# Is fighting to stay normal really worth it?



## nice777guy (Nov 23, 2009)

Anyone else here starting to think that insanity is the "norm", and that maybe we'd all be better off without all of our "logic" and "reason"?

"If you can't beat 'em, arrange to have them beaten"
- George Carlin


----------



## Brewster 59 (Jun 19, 2010)

nice777guy said:


> Anyone else here starting to think that insanity is the "norm", and that maybe we'd all be better off without all of our "logic" and "reason"?
> 
> "If you can't beat 'em, arrange to have them beaten"
> - George Carlin


:iagree: I would love to arrainge that, not sure I would like the consequences though:rofl:


----------



## Deejo (May 20, 2008)

It's only worth fighting for if the end result means an end to the fighting, pain and disappointment.

If that isn't the case, then you aren't fighting for normal - you are struggling to find the upside of dysfunctional, and embrace being happy with unhappiness. 

I decided that I wasn't much interested in what my 'normal' would look like.


----------



## MEM2020 (Aug 23, 2009)

NG,
Are you still texting her good night each day?

Because I think you know the definition of insanity.....




nice777guy said:


> Anyone else here starting to think that insanity is the "norm", and that maybe we'd all be better off without all of our "logic" and "reason"?
> 
> "If you can't beat 'em, arrange to have them beaten"
> - George Carlin


----------



## nice777guy (Nov 23, 2009)

Saw something cheesy in a Dr's office yesterday about 

"Life isn't about waiting for the storms to pass, but learning to dance in the rain."

Sounds nice. Starting to think of the world as one big disfunctional family.

Reading this site - thinking about all the time "good" people like me and so many others have spent trying to figure out how to save what are - in many cases - really lousy relationships. Meanwhile, our better halves walk around in an idiotic stupor, not really caring about the damage all their BS causes.

Voodoo dolls and waterboarding sound more and more reasonable every day.

And then I keep thinking about the fight for Gay marriage. First of all - for their sake - this site should be required reading for anyone "fighting" to get married. Might save everyone a lot of trouble if they looked around here a bit first. Second - why would anyone want to actually deny them this wonderful MISERY? Why should any God-fearing hetero Christian not want everyone to suffer just like "us"?
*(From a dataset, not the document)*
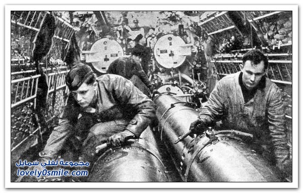 الصورة لتجهيز طوربيدات داخل الغواصة ولا أستطيع الجزم لا عن جنسية الجنود ولا تاريخ الصورة.

All over the board today AND I DON'T CARE!!!


----------



## nice777guy (Nov 23, 2009)

MEM - not texting quite as much, but still texting. Leave the serious **** for my other threads, OK?


----------



## Deejo (May 20, 2008)

I apologize if I didn't address the content of this thread appropriately. 

Get a tazer, you get much more immediate feedback from your behavior modification sessions than you would water boarding.
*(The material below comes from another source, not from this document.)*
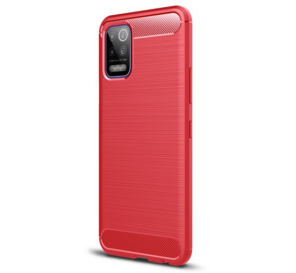 Szilikon telefonvédő (ütésállóság, légpárnás sarok, szálcsiszolt, karbon minta) PIROS

And you can discreetly carry it in your pocket, to provide loving enlightenment each time she breaks out the iphone to text.


----------



## nice777guy (Nov 23, 2009)

Deejo said:


> I apologize if I didn't address the content of this thread appropriately.
> 
> Get a tazer, you get much more immediate feedback from your behavior modification sessions than you would water boarding.
> 
> And you can discreetly carry it in your pocket, to provide loving enlightenment each time she breaks out the iphone to text.


:lol:

Much Better!


----------



## Blanca (Jul 25, 2008)

Deejo said:


> It's only worth fighting for if the end result means an end to the fighting, pain and disappointment.
> 
> If that isn't the case, then you aren't fighting for normal - you are struggling to find the upside of dysfunctional, and embrace being happy with unhappiness.
> 
> I decided that I wasn't much interested in what my 'normal' would look like.


well said.


----------